I wanted to build a simple, explainable, and portable tool for my portfolio: upload a CSV, learn its distribution, and generate a new CSV that preserves global patterns (distributions and correlations), without copying records.


How it works?

  1. Mandatory upload of a CSV (no preloaded data).
  2. Detection of column types and construction of metadata.
  3. Training of a synthesizer (GaussianCopula / CTGAN / TVAE) with lightweight parameters.
  4. Generation of N synthetic rows and download (synthetic.csv).
  5. Quality evaluation (0–1) with sdmetrics if available.

Architecture and stack

  • Interface: Streamlit (tabs + cards + custom CSS styles)
  • Synthetic modeling: SDV single_table (with fallback to sdv.tabular for compatibility)
  • Metrics: sdmetrics.QualityReport
  • Optional ML: PyTorch (only for CTGAN/TVAE)
  • Manipulation: Pandas / NumPy
Browser ──▶ Streamlit UI
              
              ├─▶ Upload CSV  preview + light cleaning
              
              ├─▶ SDV.metadata (type detection)
                   ├─▶ GaussianCopula Synthesizer (CPU, fast)
                   ├─▶ CTGAN Synthesizer (GAN, requires torch; pac=1)
                   └─▶ TVAE Synthesizer (VAE, requires torch)
              
              ├─▶ sample(N)  synthetic.csv (download)
              └─▶ sdmetrics.QualityReport (score 0–1)

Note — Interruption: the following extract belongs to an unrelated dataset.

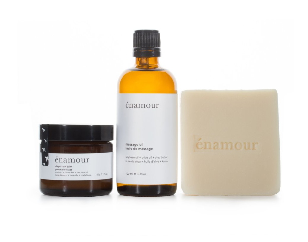 Le kit de départ (comprenant un savon, une pommade pour les fesses et une huile de massage), Énamour, 50$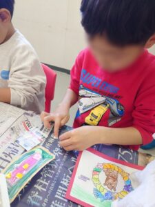 しっかり塗り込めるようになってきたお友だち、余白にお正月らしく羽子板やだるまの絵を描いてくれるお友だちももいましたよ!

Models and "when to use them"

  • GaussianCopula (CPU, without PyTorch): fast and stable baseline; ideal for demos and small/medium datasets or slightly non-linear relationships.
  • CTGAN (PyTorch): better for mixed data with many categorical/high cardinality and multiple modes; captured minority classes better. I forced pac=1 to avoid PacGAN asserts with common batches.
  • TVAE (PyTorch): stable training and good global structure, especially when numerical data predominates; sometimes "smooths" extremes.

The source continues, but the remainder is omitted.